6. Perform prequantification steps¶
Prequantification steps appropriate to the eXpress and Sailfish tools (and for subsequent analysis of quantification accuracy) are performed using the piquant command
piquant prequantify --options-file=piquant_options.txt
In this case, the tasks performed are:
- Construction of sequences for transcripts from the input transcript reference GTF file and genome sequence FASTA files.
- Creation of a Sailfish kmer index for the transcripts
- Calculation of the number of isoforms for each gene defined in the input transcript reference (see Count transcripts for genes).

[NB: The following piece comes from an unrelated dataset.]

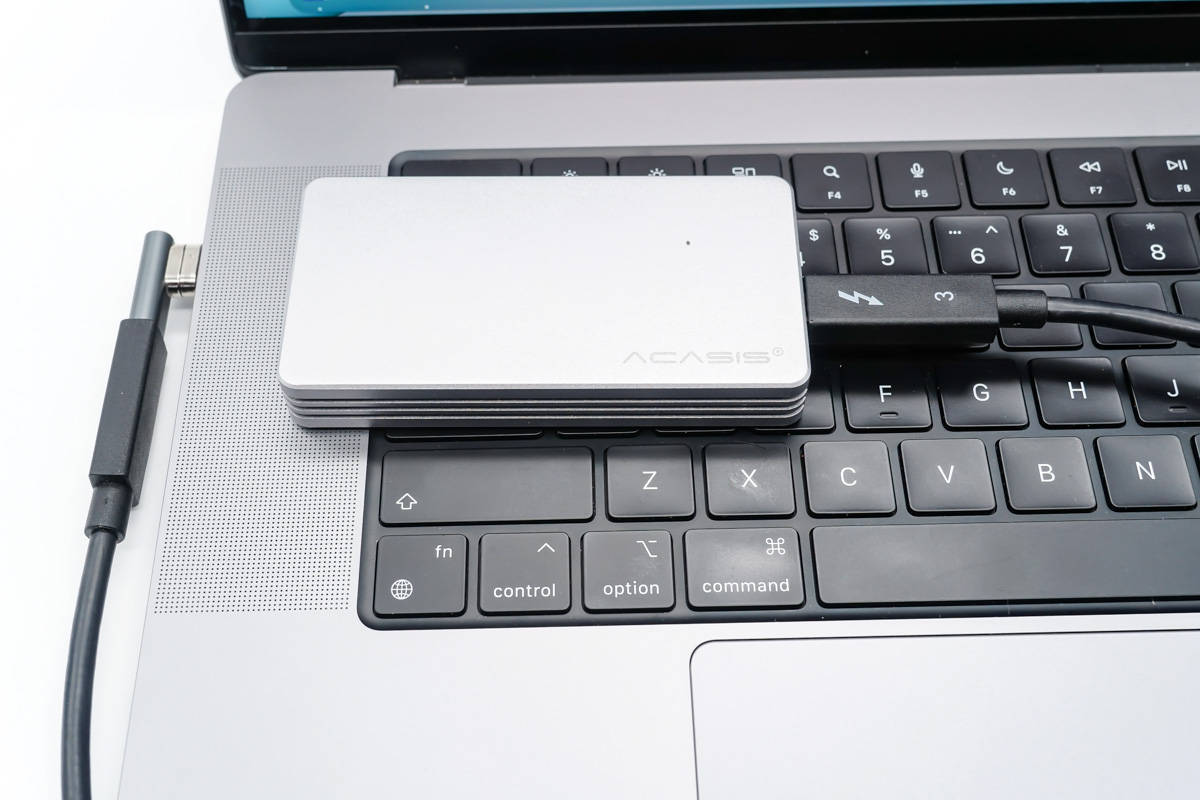 O'tkazish tezligini tekshirish uchun MacBook Pro-da Disk tezligi testidan foydalanib, o'lchangan yozish tezligi 1457,6 MB/s, o'qish tezligi esa 2855,4 MB/s. (Bu yerda Samsung X5 qattiq diskining haqiqiy yozish tezligi 1700MB/s, oʻqish tezligi esa 2400MB/s.)

- Calculation of the unique sequence percentage for each transcript (see Calculate unique transcript sequence).
7. Quantify transcripts¶
We can now run our chosen transcriptome quantification tools on each set of simulated RNA-seq data. As in the case when simulating reads, the number of tool instances that can be run simultaneously will depend on the memory and processing capabilities of the hardware on which piquant is run. We’ll assume that we only have enough resource available to run four quantification tool instances at a time; hence we’ll execute the following four commands to run eXpress and Sailfish on our single-end and paired-end RNA-seq data sets, allowing all processes to terminate in each case before initiating the next batch of quantifications:
piquant quantify --options-file=piquant_options.txt --quant-method=Express --paired-end=False piquant quantify --options-file=piquant_options.txt --quant-method=Express --paired-end=True piquant quantify --options-file=piquant_options.txt --quant-method=Sailfish --paired-end=False piquant quantify --options-file=piquant_options.txt --quant-method=Sailfish --paired-end=True
8. Check quantification¶
The piquant command
check_quant can be used to confirm that quantification completed successfully:
piquant check_quant --options-file=piquant_options.txt
A message is output to standard error for each quantification run which failed to successfully complete; success in all cases is indicated by no output from the
9. Analyse quantification runs¶
Finally, statistics and graphs describing the accuracy of transcript quantification can be produced via the piquant command
piquant analyse_runs --options-file=piquant_options.txt
In this case statistics and graphs are written into the default analysis output directory
output/analysis (which is also created, if it does not exist).